I want to prove the following lemma only by using diagram chasing:
Nine Lemma: Let us have the following commutative diagram with exact columns and exact middle and bottom rows. So the top row is also exact.
But I'm stuck on proving that morphism $B_1 \to C_1$ is monic. I tried the following: $$c_1 \to c_2 \to 0 \in C_3 (\text{by exactness}), \text{ where } c_i \in C_i$$ So for some $a_2 \in A_2$ we can take element $(-\gamma(a_2) + a_3) \in A_3$, where $\gamma : A_2 \to A_3$, so it goes to $0 \in B_3$ and there exists such $b_2 \in B_2$ and $b_1 \in B_1$ that: $$b_1 \to b_2 \to 0 \in B_3$$ But does it matter (from the diagram commutativness) that $b_1 \to c_1$ ?

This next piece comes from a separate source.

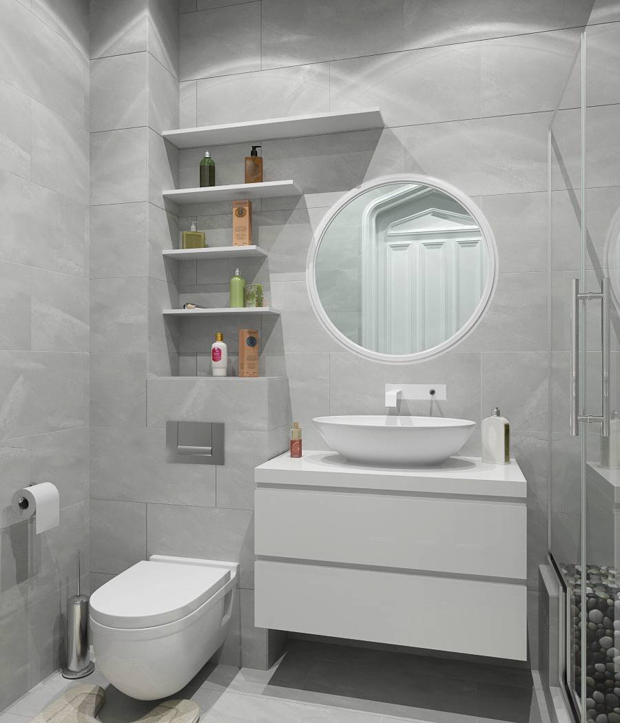 Современный дизайн создается с помощью эргономичной сантехники подвесного типа, спокойной цветовой гаммы (белой, серой, бежевой и т. д.). Такой интерьер отличается своей функциональностью, в нем полностью отсутствуют (или присутствуют в минимальном количестве) декоративные элементы и аксессуары.
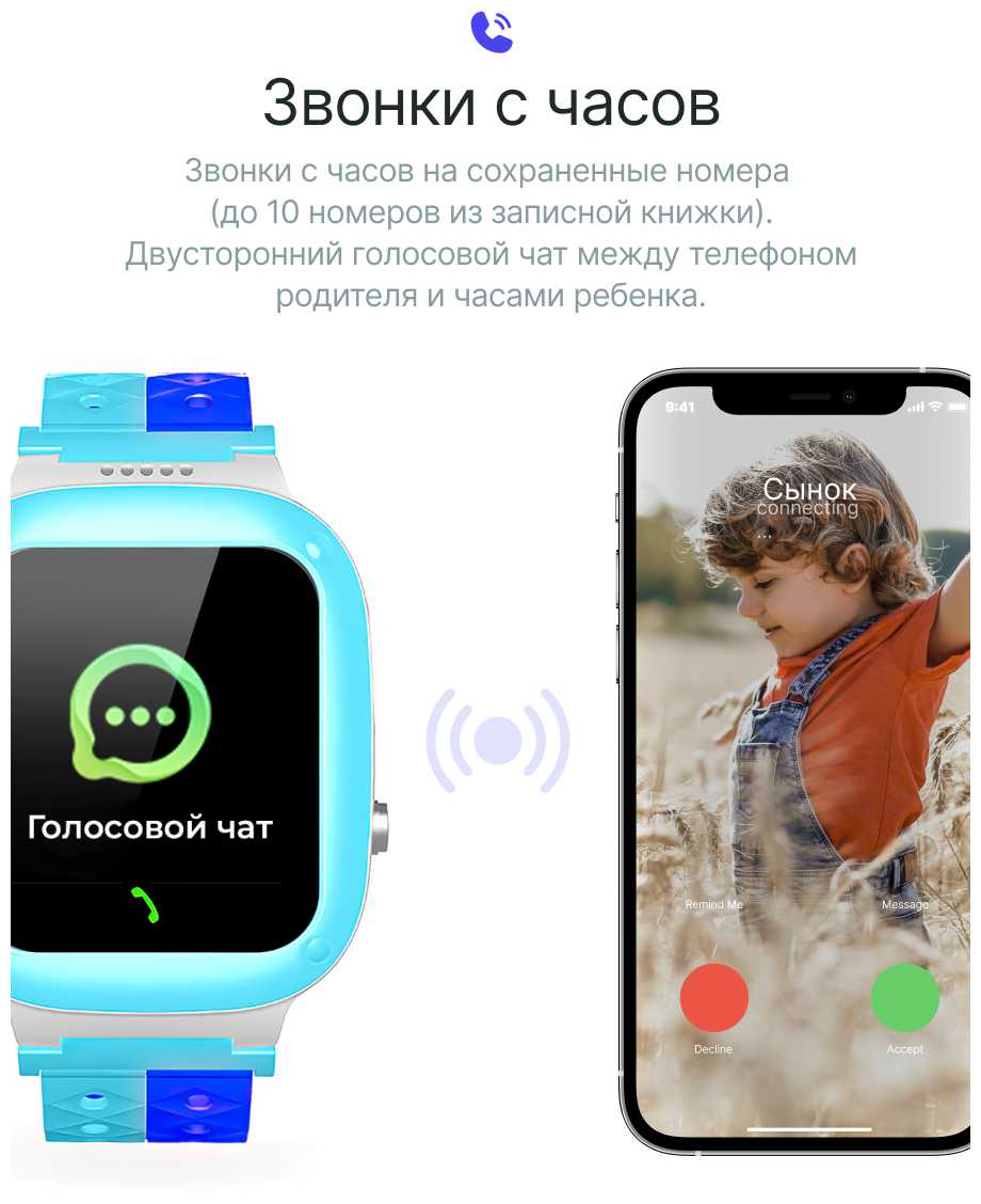 - Функция «тихого» вызова позволяет родителям активировать микрофон часов без уведомления ребенка.

Moreover, is it true that we don't need exactness of the top row to say that $A_1 \to B_1 \to C_1 = 0$ ? How can i show it ?

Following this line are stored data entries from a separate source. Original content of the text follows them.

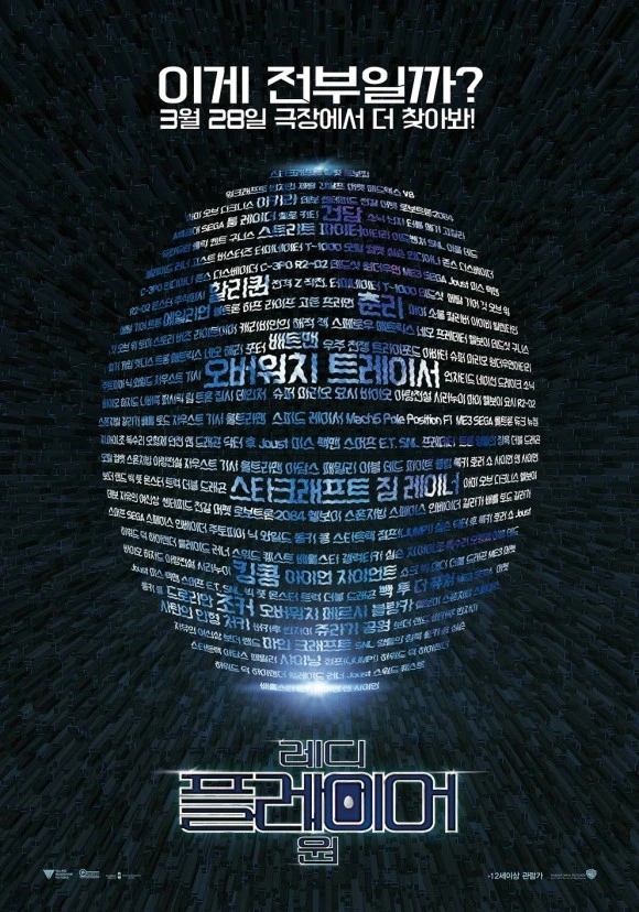 물론 VR기기가 전면에 등장하고, 영화 자체가 반은 가상 세계인 메타버스(Metaverse, 3차원 가상세계)에서 펼쳐집니다만, 이 영화를 단순히 ‘게임 영화’라고 퉁쳐서 설명하기엔 조금 아깝습니다. 영화를 보다 보면 모두 느끼실 테지만, 영화는 게임보다도 ‘대중문화사’를 소개하는 데 더욱 진심이거든요. 매 장면, 매 대사마다 1980년대부터 오늘날까지의 온갖 대중문화를 인용하고 오마주한 게 느껴집니다. 오죽하면 이런 포스터가 나왔을 정도입니다.
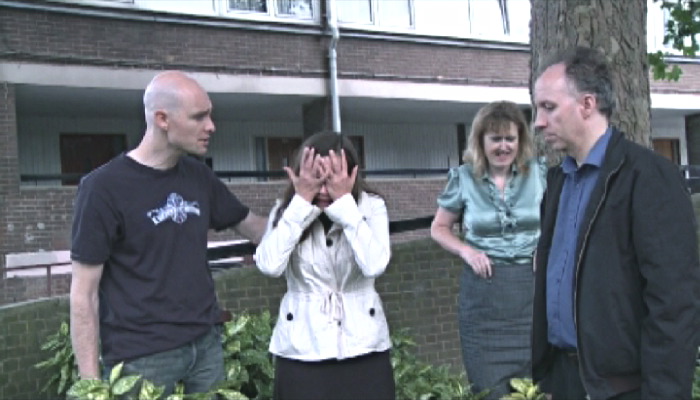 By contrast, George Barber’s Gibberish is a film with a narrative at its heart, but one that replaces meaningful dialogue with a nonsensical mixture of English and improvised mouth-noises. The sounds emitted by the actors in the place of conversation make it almost impossible to decipher the storyline. Combined with its saturated colours and limited cast, the film has the appearance of a mediocre daytime drama. Gibberish throws you off balance as a viewer, ready and waiting for the sort of forward momentum that is the basis for many daytime television programs. Unlike these shows, however, Gibberish exists as a site not for the creation of a convoluted narrative, but to examine the breakdown of language when it is relieved of meaning. Your mind tries to square the occasional sentences in English with all the nonsense words spoken alongside them, an attempt at recognition of a linguistic structure that doesn’t actually exist. Contiguity and causality trip over themselves in an attempt to impose meaning on what you see and hear, yet fail to do so.
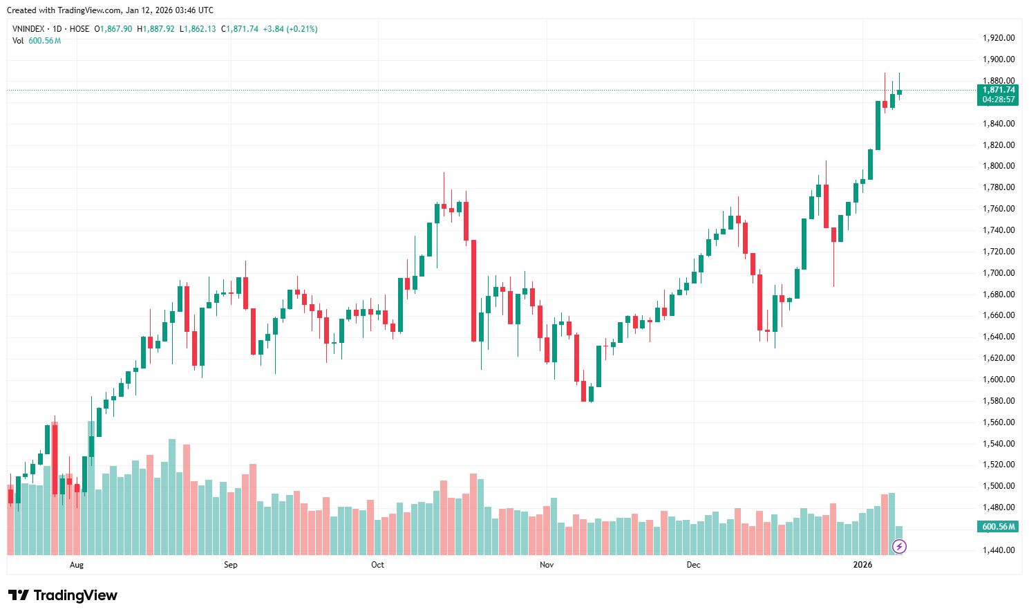 At the close of trading, the VN-Index closed at 1,867.9, up 12.34 points, or 0.67%. For the week, the VN-Index increased by 83.41 points (4.67%) compared to the previous week.
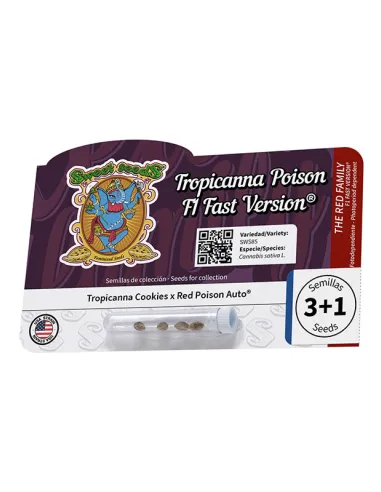 Wir empfehlen unsere Tropicanna Poison F1 Fast Version® für Sammler ultraschnell blühender, lichtabhängiger Genetik, die Sorten mit einem außergewöhnlichen Terpenprofil und einem atemberaubenden visuellen Reiz dank ihrer rötlichen Blüten suchen. Ideal für alle, die Wert auf Schnelligkeit, intensive Aromen und Geschmacksrichtungen sowie auf die ästhetische Schönheit von Cannabis-Pflanzen legen.

I'll first label the maps as follows, for the rows we want
$$ 0 \to A_i \xrightarrow{f_i} B_i \xrightarrow{g_i} C_i \to 0, $$
and for the column I'll define
$$ 0 \to A_1 \xrightarrow{f_A} A_2 \xrightarrow{g_A} A_3 \to 0, $$
and similarly for the second and third columns
Now suppose that $c_1 \in C_1$, then there exists some $b_2 \in B_2$ such that $g_2(b_2) = f_C(c_1)$. Then
$$ g_3g_B(b_2) = g_Cg_2(b_2) = g_Cf_C(c_1) = 0, $$
and so there exists some $a_3 \in A_3$ such that $f_3(a_3) = g_B(b_2)$. But then there exists $a_2 \in A_2$ such that $a_3 = g_A(a_2)$, and then
$$ g_Bf_2(a_2) = f_3g_A(a_2) = f_3(a_3) = g_B(b_2), $$
and so $b_2 - f_2(a_2) \in \ker g_B = \operatorname{img} f_B$, and so there exists some $b_1 \in B_1$ such that $f_B(b_1) = b_2 - f_2(a_2)$. Then
$$ f_Cg_1(b_1) = g_2f_B(b_1) = g_2(b_2 - f_2(a_2)) = g_2(b_2) - g_2f_2(a_2) = g_2(b_2) = f_C(c_1), $$
and so $g_1(b_1) = c_1$ since $f_C$ is injective. Hence $B_1 \xrightarrow{g_1} C_1$ is surjective.
EDIT: To add a comment on your final question. Suppose that we are given that $g_2f_2 = 0$ and that $f_C$ is monic. Then I claim that $g_1f_1 = 0$. Well it suffices to show that $f_Cg_1f_1 = 0$, but by the commutative diagram
$$f_Cg_1f_1 = g_2f_Bf_1 = g_2f_2f_A = 0,$$
and so we're done.